| BRIEF |
Each entry below is to be given again word for word, with no pictures.

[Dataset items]
-=-=-=-=-
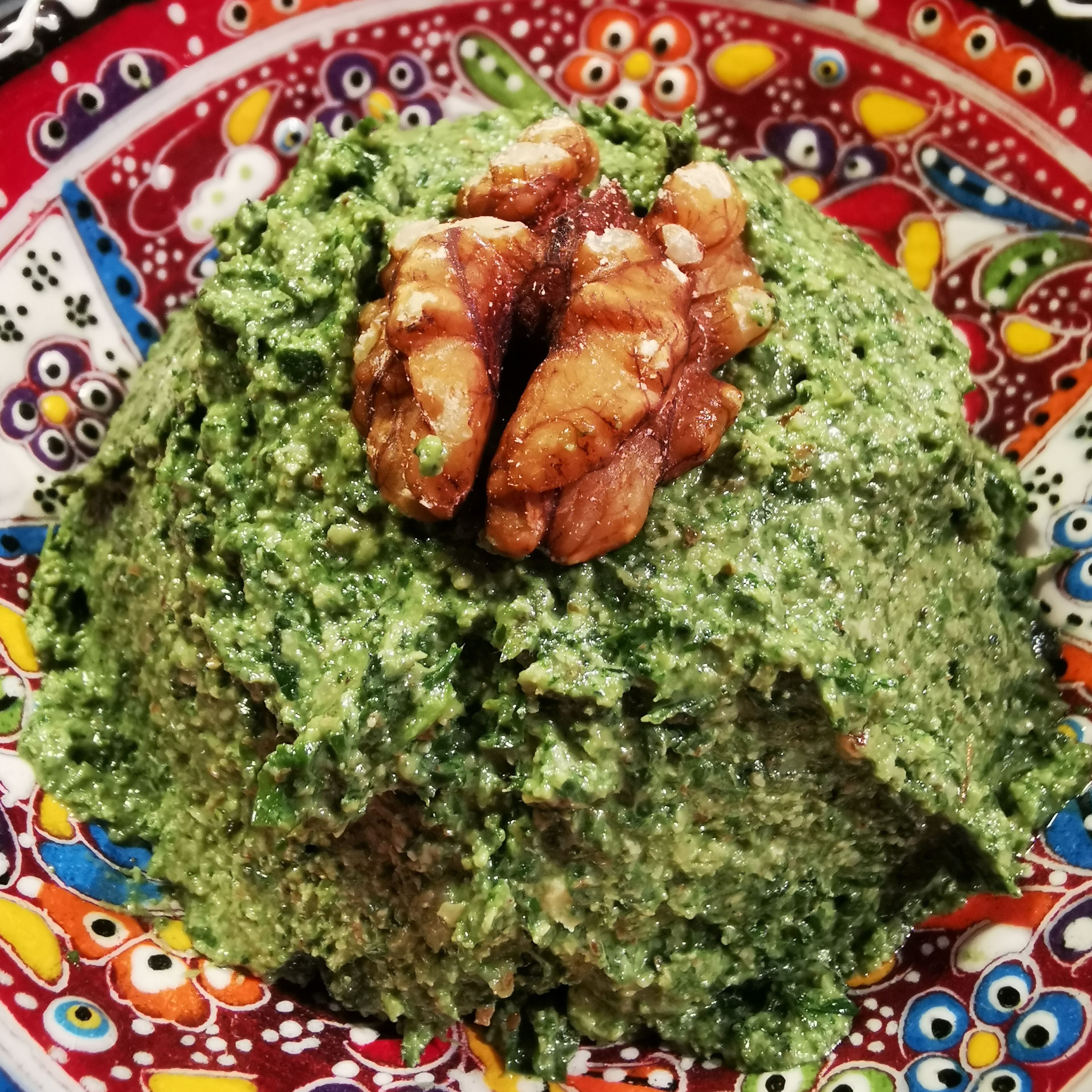 Pkhali ist die georgische Variante eines Pestos und besteht vor allem aus gemahlenen Walnüssen und Spinat. Wird der kultivierte Spinat ganz oder teilweise durch Wildspinat bzw. Wildkräuter ersetzt, wird dieses traditionelle Gericht noch intensiver und gesünder. Aber auch mit TK-Spinat ist Pkhali vor allem im Herbst eine wunderbare Alternative zu einem „normalen“ Pesto.
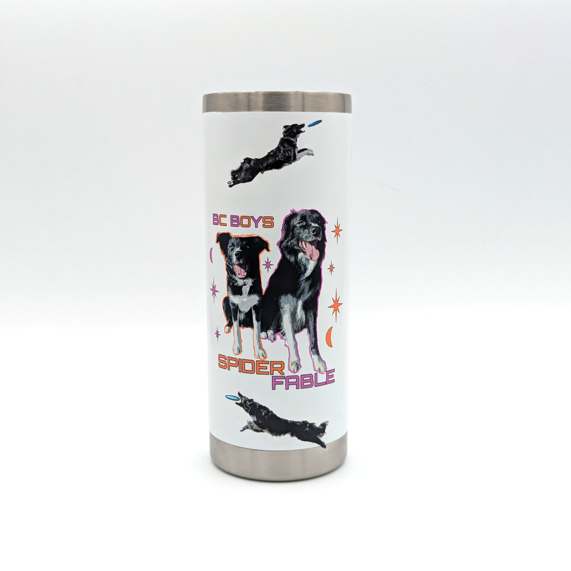 Stainless steel powder coated tumbler with plastic top. Your photo(s) is UV printed right on the tumbler. Hand wash only.
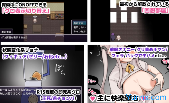 2. Dynamic State-Change Mechanics: Transform characters into surreal forms ("ryona" states) to unlock hidden pathways, requiring strategic risks for progress.
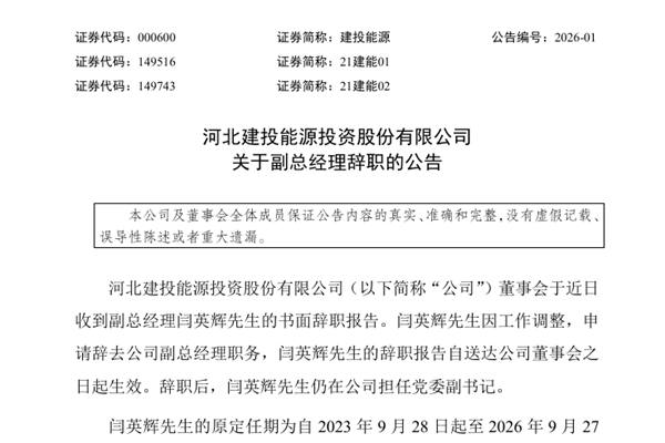 河北建投能源投资股份有限公司(简称:建投能源)公告称,公司近日收到副总经理闫英辉先生的书面辞职报告。闫英辉先生因工作调整,申请辞去公司副总经理职务,闫英辉先生的辞职报告自送达公司董事会之日起生效。辞职后,闫英辉先生仍在公司担任党委副书记。 闫英辉先生的原定任期为自2023年9月28日起至2026年9月27日第十届董事会任期届满之日止...
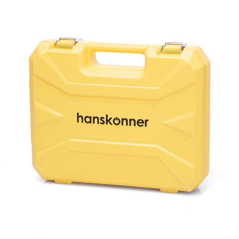 Hanskonner HCD1230R – универсальный аккумуляторный 12В двухскоростной шуруповерт. Модель обладает максимально сбалансированной компоновкой: небольшая толщина корпуса и рукояти позволяет эффективное использование в условиях с затрудненным доступом, а нейтральный центр тяжести, и обилие прорезиненных противоскользящих поверхностей способствуют надежному хвату, и лучшему контролю в процессе работы. Шуруповерт оснащен 12 В бесщеточным двигателем, характеризующимся на 30% лучшей производительностью в сравнении с коллекторными аналогами. Кроме того, бесщеточный двигатель отлично справляется с кратковременными перегрузками и не склонен к перегреву. Модель имеет две скорости: режим пониженных оборотов (0–400 об/мин) предназначен для работ с крепежом, режим повышенных оборотов (0–1300 об/мин) – для сверления отверстий в различных материалах. Наличие 20-ти ступенчатой муфты регулировки усилия позволяет производить максимально гибкую настройку необходимого момента затяжки. Предусмотрена функция блокировки вала, способствующая удобству смены оснастки одной рукой. К особенностям Hanskonner HCD1230R относятся эффективная LED-подсветка рабочей зоны, а также индикатор остаточного заряда аккумулятора PowerCheck. Дополнительному комфорту использования способствуют специальная зацепная скоба крепления на пояс, а также страховочный ремешок на руку. Шуруповерт штатно комплектуется парой литий-ионных (Li-ion) аккумуляторов, зарядным устройством с функцией быстрой зарядки (0–100%–50 мин), двухсторонними битами. Прочный пластиковый кейс гарантирует сохранность устройства и аксессуаров в процессе транспортировки.
-=-=-=-=-
| TASK OUTPUT |
 Pkhali ist die georgische Variante eines Pestos und besteht vor allem aus gemahlenen Walnüssen und Spinat. Wird der kultivierte Spinat ganz oder teilweise durch Wildspinat bzw. Wildkräuter ersetzt, wird dieses traditionelle Gericht noch intensiver und gesünder. Aber auch mit TK-Spinat ist Pkhali vor allem im Herbst eine wunderbare Alternative zu einem „normalen“ Pesto.
 Stainless steel powder coated tumbler with plastic top. Your photo(s) is UV printed right on the tumbler. Hand wash only.
 2. Dynamic State-Change Mechanics: Transform characters into surreal forms ("ryona" states) to unlock hidden pathways, requiring strategic risks for progress.
 河北建投能源投资股份有限公司(简称:建投能源)公告称,公司近日收到副总经理闫英辉先生的书面辞职报告。闫英辉先生因工作调整,申请辞去公司副总经理职务,闫英辉先生的辞职报告自送达公司董事会之日起生效。辞职后,闫英辉先生仍在公司担任党委副书记。 闫英辉先生的原定任期为自2023年9月28日起至2026年9月27日第十届董事会任期届满之日止...
 Hanskonner HCD1230R – универсальный аккумуляторный 12В двухскоростной шуруповерт. Модель обладает максимально сбалансированной компоновкой: небольшая толщина корпуса и рукояти позволяет эффективное использование в условиях с затрудненным доступом, а нейтральный центр тяжести, и обилие прорезиненных противоскользящих поверхностей способствуют надежному хвату, и лучшему контролю в процессе работы. Шуруповерт оснащен 12 В бесщеточным двигателем, характеризующимся на 30% лучшей производительностью в сравнении с коллекторными аналогами. Кроме того, бесщеточный двигатель отлично справляется с кратковременными перегрузками и не склонен к перегреву. Модель имеет две скорости: режим пониженных оборотов (0–400 об/мин) предназначен для работ с крепежом, режим повышенных оборотов (0–1300 об/мин) – для сверления отверстий в различных материалах. Наличие 20-ти ступенчатой муфты регулировки усилия позволяет производить максимально гибкую настройку необходимого момента затяжки. Предусмотрена функция блокировки вала, способствующая удобству смены оснастки одной рукой. К особенностям Hanskonner HCD1230R относятся эффективная LED-подсветка рабочей зоны, а также индикатор остаточного заряда аккумулятора PowerCheck. Дополнительному комфорту использования способствуют специальная зацепная скоба крепления на пояс, а также страховочный ремешок на руку. Шуруповерт штатно комплектуется парой литий-ионных (Li-ion) аккумуляторов, зарядным устройством с функцией быстрой зарядки (0–100%–50 мин), двухсторонними битами. Прочный пластиковый кейс гарантирует сохранность устройства и аксессуаров в процессе транспортировки.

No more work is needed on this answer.